Александр Гольдштейн - Спокойные поля Страница 23
- Категория: Проза / Современная проза
- Автор: Александр Гольдштейн
- Год выпуска: -
- ISBN: -
- Издательство: -
- Страниц: 69
- Добавлено: 2018-12-09 23:10:22
Александр Гольдштейн - Спокойные поля краткое содержание
Прочтите описание перед тем, как прочитать онлайн книгу «Александр Гольдштейн - Спокойные поля» бесплатно полную версию:Новая книга известного эссеиста и прозаика Александра Гольдштейна (1958–2006), лауреата премий «Малый Букер» и «Антибукер», автора книг «Расставание с Нарциссом» (НЛО, 1997), «Аспекты духовного брака» (НЛО, 2001), «Помни о Фамагусте» (НЛО, 2004) — увлекательное повествование, сопрягшее жесткие картины дневной реальности во всей их болезненной и шокирующей откровенности с ночной стороной бытия. Авантюристы и мистики, люди поступков и комнатные мечтатели, завороженные снами, очарованные наитиями, они сообща сплетают свои хороводы, что погружает прозу в атмосферу Луны и полдневья. Место действия — пространство воображения: Александрия Египетская, Петербург, Мадрид и Берлин. Время не ограничено хронологией.
Александр Гольдштейн - Спокойные поля читать онлайн бесплатно
Не аллегория — литература. И не дерюжно-камчатная речь византийства вдали от Босфора, но из позднейших времен лучезарная мракобесная подрывающая услужающая какая угодно почти беспрозванность (невзирая на имена вожаков легиона), продолжение классики на ее гнойном распаде.
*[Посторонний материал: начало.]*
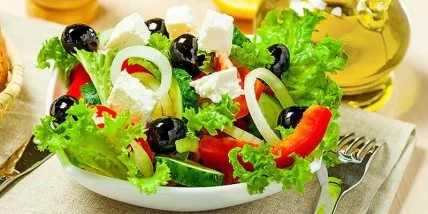 Самым популярным блюдом из Греции для всех европейцев стал классический греческий салат, который подают практически во всех современных ресторанах. Первый вариант этого рецепта затерялся среди океана его вариаций и экспериментов на кухнях. Однако есть основа греческого салата, которая должна быть неизменной – это свежие огурцы и помидоры, сыр фета и орегано. А особенностями рецепта его приготовления считают овощи, которые специально режут как можно крупнее. Сами греки при приготовлении классического салата Греческий чистят огурцы от кожуры и не всегда перемешивают блюдо перед подачей на стол, предпочитая это делать непосредственно перед едой.
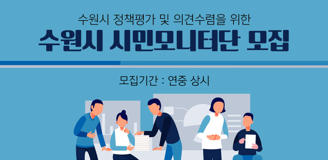 수원시는 시민 정책참여의 폭을 넓히기 위해 11월부터 시민 모니터단 모집 방식을 상시 모집으로 바꾸고, 모니터단에 참여할 시민을 추가 모집한다.
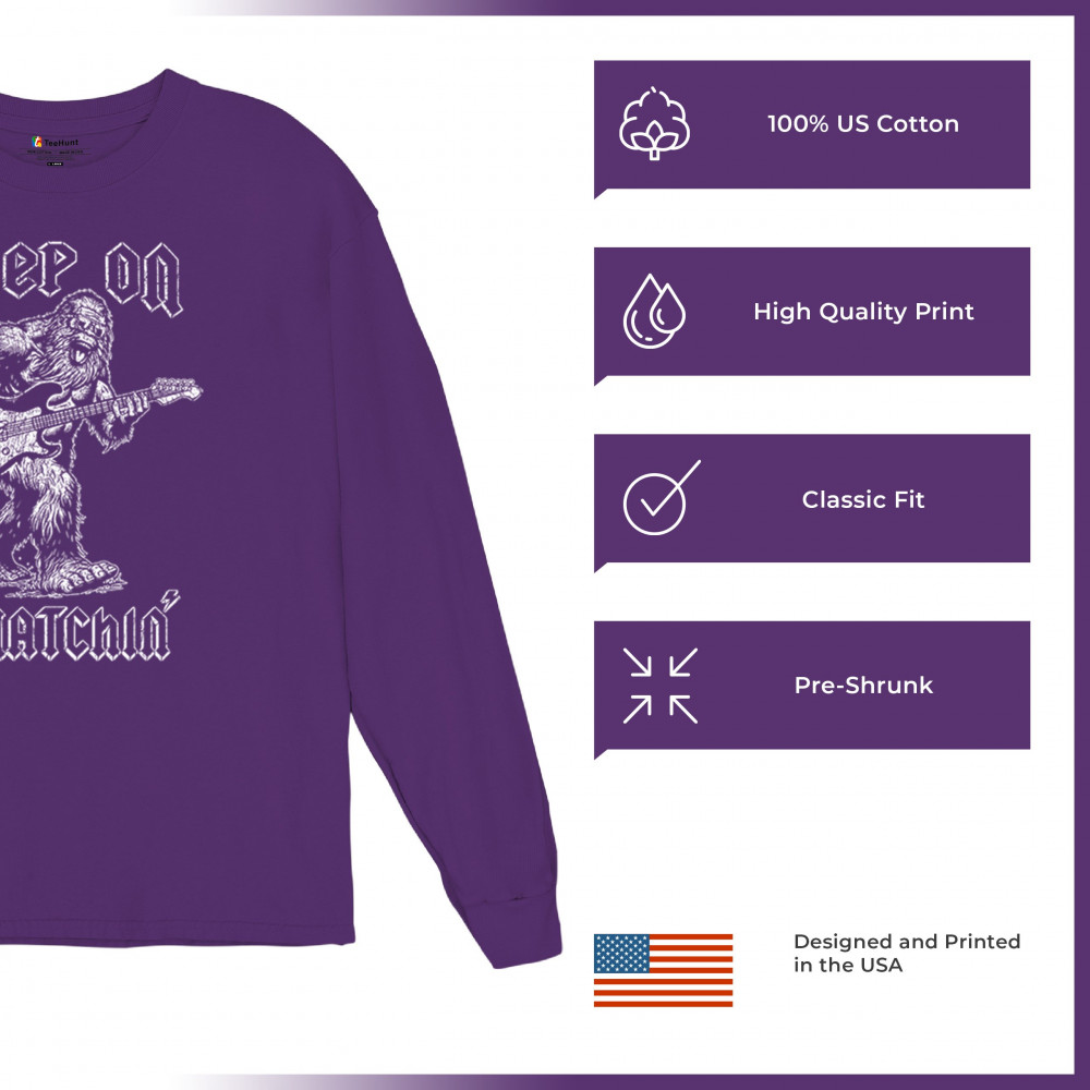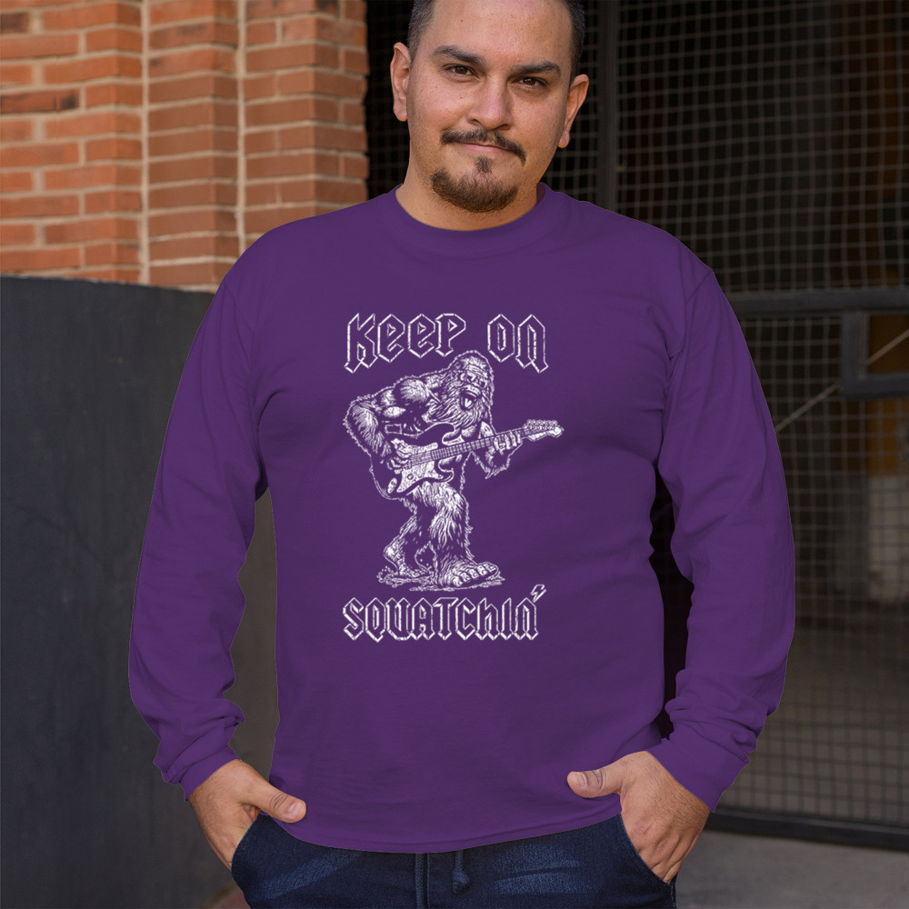 Celebrate music and adventure with the "Keep on Squatchin’" design! Bigfoot rocking a guitar makes this perfect for Sasquatch and music fans.
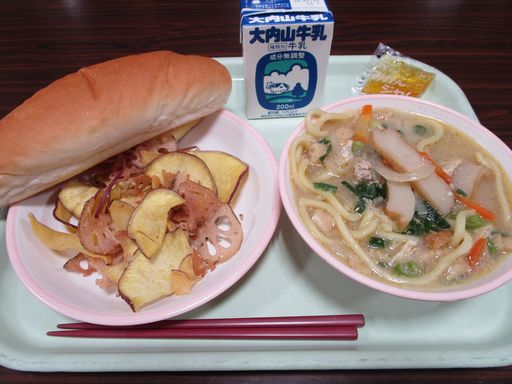 今日の献立は「しろごまタンタンめん」「さつまいもとれんこんのチップス」「みかんジャム」「パン」「ぎゅうにゅう」です。
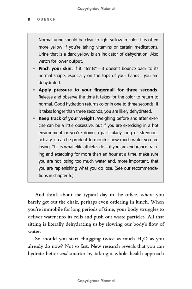 Based on breakthrough new science in the field of hydration, Quench debunks many popular myths about "getting enough water" and offers a revolutionary five-day jump start plan that shows how better hydration can reduce or eliminate ailments like chronic headaches, weight gain, gut pain, and even autoimmune conditions.
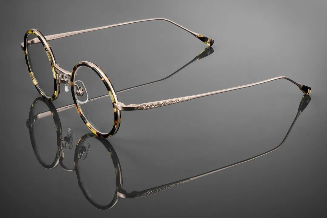镜架采用珍贵瞩目的实心 18K 玫瑰金或白金铸造,配以品牌为溥仪眼镜特设的标志性玳瑁色醋酸纤维圆形前框。LOTOS 标志性的手工艺术雕刻首次呈现于AcetGold系列的镜腿之上,更以玳瑁色醋酸纤维打造全新脚套并镶以小白钻,瞩目而璀璨。
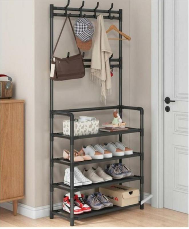 Мрієте про організовану та стильну передпокій? Вішалка стійка збірна для підлоги – це ідеальне рішення! Ця практична та функціональна вішалка допоможе вам розмістити одяг, взуття та аксесуари в одному місці. Завдяки компактним розмірам вона чудово підійде навіть для невеликих передпокоїв. ОСОБЛИВОСТІ ТОВАРУ: Місткість: Полиці для взуття та місце для одягу. Збірна конструкція: Легке та швидке складання без спеціальних інструментів. Компактність: Оптимальні розміри для будь-якої передпокою 80×26.5×154 см. Практичність: Допомагає підтримувати порядок та організованість. Стильний дизайн: Впишеться в будь-який інтер’єр. ТЕХНІЧНІ ХАРАКТЕРИСТИКИ: Розміри: 80×26.5×154 см Матеріал: метал, пластик Колір: чорний Тип: Підлогова, збірна Додатково: Полиці для взуття.

Лефовец П. погорячился по молодости, что второе пришествие классики невозможно, как невозможно вообще второе пришествие, самого потом за уши было не отодрать от трупа товарища М. Все совершалось под знаком совокупления с мертвыми, ими клялись, к ним влеклись, от закоснелых клятвопреступников и растлителей, нуждавшихся в комильфотном блезире, до агностиков на покаянии, до нешуточных возродителей праха. В пестрый венок вплелись стоны о потопленьи деревни, потекли страхи, городские, бесцветные, страхи на службе, в постели, за чаем на бахромчатой скатерти, зеленовато и влажно мерцавшие Гончие Псы отразились в оброненной на опушке пустой поллитровке, морозный бунт растопил стылые души — это была их, наименее прокаженных, словесность, их, самых проникновенных, яснобунчужный удельный улус.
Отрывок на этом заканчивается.